▶ **Work to complete**
From the first line to the last, print the material exactly, skipping the pictures.

▶ **Input data**
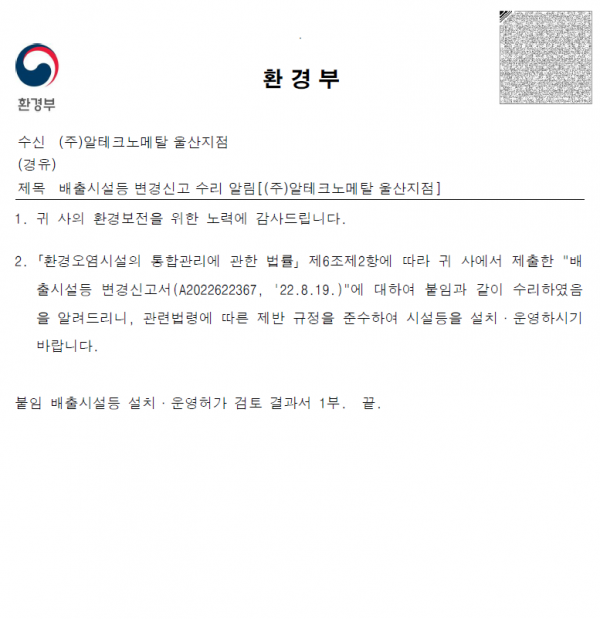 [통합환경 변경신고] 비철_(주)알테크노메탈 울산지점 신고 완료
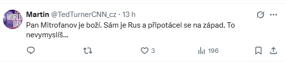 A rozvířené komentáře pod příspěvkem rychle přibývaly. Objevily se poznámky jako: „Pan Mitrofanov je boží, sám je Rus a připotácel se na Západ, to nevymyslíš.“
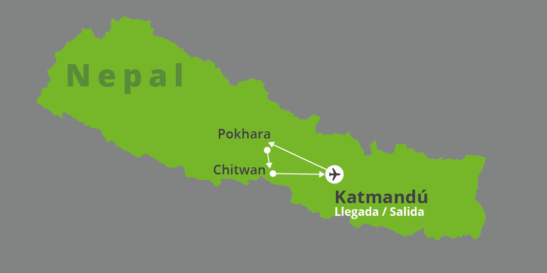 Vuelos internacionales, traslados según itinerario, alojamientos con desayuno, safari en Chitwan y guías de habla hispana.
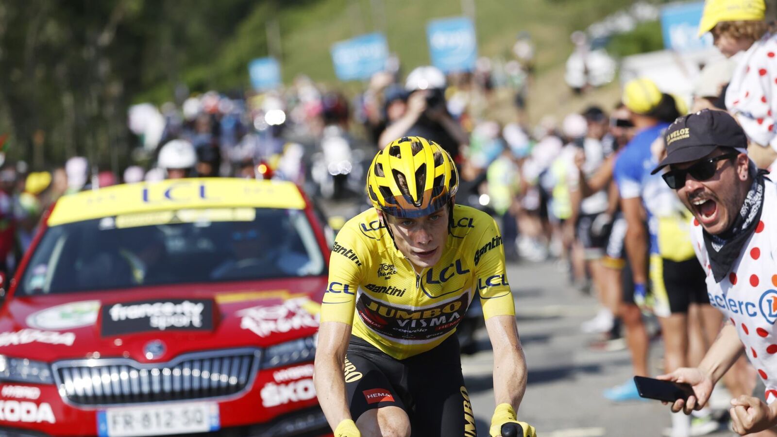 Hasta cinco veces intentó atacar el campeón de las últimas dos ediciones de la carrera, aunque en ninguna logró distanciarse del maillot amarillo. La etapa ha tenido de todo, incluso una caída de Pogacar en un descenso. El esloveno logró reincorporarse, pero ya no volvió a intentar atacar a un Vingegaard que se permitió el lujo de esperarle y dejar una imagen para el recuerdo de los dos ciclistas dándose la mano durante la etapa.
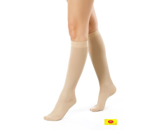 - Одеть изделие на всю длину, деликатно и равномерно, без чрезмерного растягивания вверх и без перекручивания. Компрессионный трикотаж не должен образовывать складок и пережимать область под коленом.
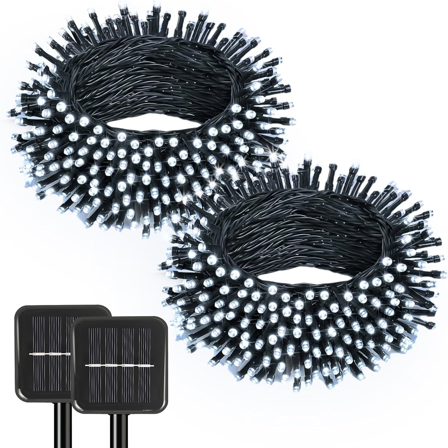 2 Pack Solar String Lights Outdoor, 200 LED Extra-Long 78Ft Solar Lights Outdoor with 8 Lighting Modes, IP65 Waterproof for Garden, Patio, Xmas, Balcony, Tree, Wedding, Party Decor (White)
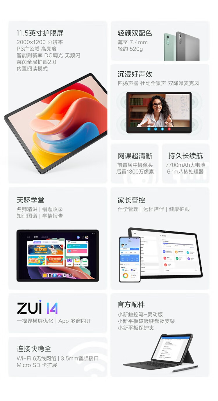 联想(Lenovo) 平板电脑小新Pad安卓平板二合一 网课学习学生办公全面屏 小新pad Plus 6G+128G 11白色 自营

▶ **Response to this task**
 [통합환경 변경신고] 비철_(주)알테크노메탈 울산지점 신고 완료
 A rozvířené komentáře pod příspěvkem rychle přibývaly. Objevily se poznámky jako: „Pan Mitrofanov je boží, sám je Rus a připotácel se na Západ, to nevymyslíš.“
 Vuelos internacionales, traslados según itinerario, alojamientos con desayuno, safari en Chitwan y guías de habla hispana.
 Hasta cinco veces intentó atacar el campeón de las últimas dos ediciones de la carrera, aunque en ninguna logró distanciarse del maillot amarillo. La etapa ha tenido de todo, incluso una caída de Pogacar en un descenso. El esloveno logró reincorporarse, pero ya no volvió a intentar atacar a un Vingegaard que se permitió el lujo de esperarle y dejar una imagen para el recuerdo de los dos ciclistas dándose la mano durante la etapa.
 - Одеть изделие на всю длину, деликатно и равномерно, без чрезмерного растягивания вверх и без перекручивания. Компрессионный трикотаж не должен образовывать складок и пережимать область под коленом.
 2 Pack Solar String Lights Outdoor, 200 LED Extra-Long 78Ft Solar Lights Outdoor with 8 Lighting Modes, IP65 Waterproof for Garden, Patio, Xmas, Balcony, Tree, Wedding, Party Decor (White)
 联想(Lenovo) 平板电脑小新Pad安卓平板二合一 网课学习学生办公全面屏 小新pad Plus 6G+128G 11白色 自营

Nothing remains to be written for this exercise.